The top of the Elk Point is revised herein from the top of the basal transgressive red bed of the Upper Devonian to the bottom of the interval. This boundary coincides with the regional unconformity which in every respect is a more significant horizon for both formational and stratigraphic subdivision and nomenclature. The following points will illustrate this argument:

(a) It is fundamentally unacceptable to consider a 'regional' hiatus within the rocks of one stage, for example: the Givetian stage. Rather it is basically sound, in theory and in practice, that such an unconformity occurs between the Frasnian and Givetian stages. These mark the natural unconformable break in Europe between the Upper and Middle Devonian series (Schindwolf, 1954). It is in fact misleading to include a major unconformity within one formation as it is generally understood! It is therefore unreasonable to use one formational name which hides the fact that both Upper and Middle Devonian strata are present but separated by a regional unconformity.

(b) The top of the red bed represents a transgressive facies boundary and therefore cannot represent a time-marker between strata of the Upper and Middle Devonian epochs.
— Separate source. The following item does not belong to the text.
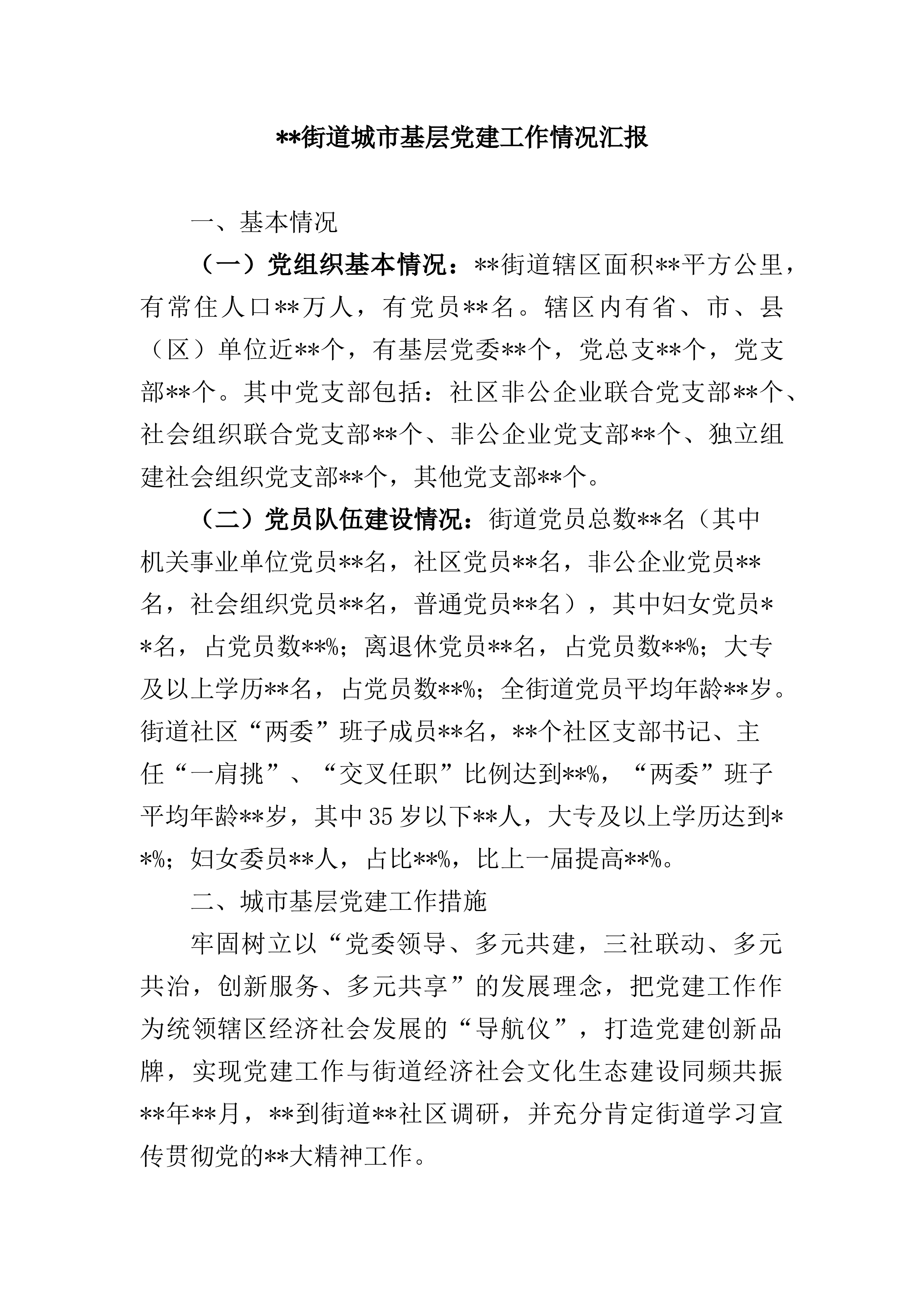 **街道城市基层党建工作情况汇报一、基本情况(一)党组织基本情况:**街道辖区面积**平方公里,有常住人口**万人,有党员**名。辖区内有省、市、县(区)单位近**个,有基层党委**个,党总支**个,党支部**个。其中党支部包括:社区非公企业联合党支部**个、社会组织联合党支部**个、非公企业党支部**个、独立组建社会组织党支部**个,其他党支部**个。(二)党员队伍建设情况:街道党员总数**名(其中机关事业单位党员**名,社区党员**名,非公企业党员**名,社会组织党员**名,普通党员**名),其中妇女党员**名,占党员数**%;离退休党员**名,占党员数**%;大专及以上学历**名,占党员...

This red bed cannot be considered to represent late Middle Devonian sediments, when, in fact, below the red bed are late and early Middle Devonian strata.

(c) Many notable stratigraphers deliberately include (Woodring, 1953), or unsuspectingly hide, regional unconformities within type or reference sections. An example is the Cedar Valley formation of Iowa (Cooper, 1942) which has led to unceasing arguments that this formation is either Upper or Middle Devonian in age. In fact, the Cedar Valley is Upper and Middle Devonian and the "hidden" unconformity is well known beyond the area of the type section.

This same stratigraphic procedure has been followed in Western Canada, and has been commonly applied to the Devonian succession in the subsurface between Drumheller and the frontal Rocky Mountains. There is every reason to refer to the basal Upper Devonian red bed of this area as basal Beaverhill Lake and not uppermost Elk Point.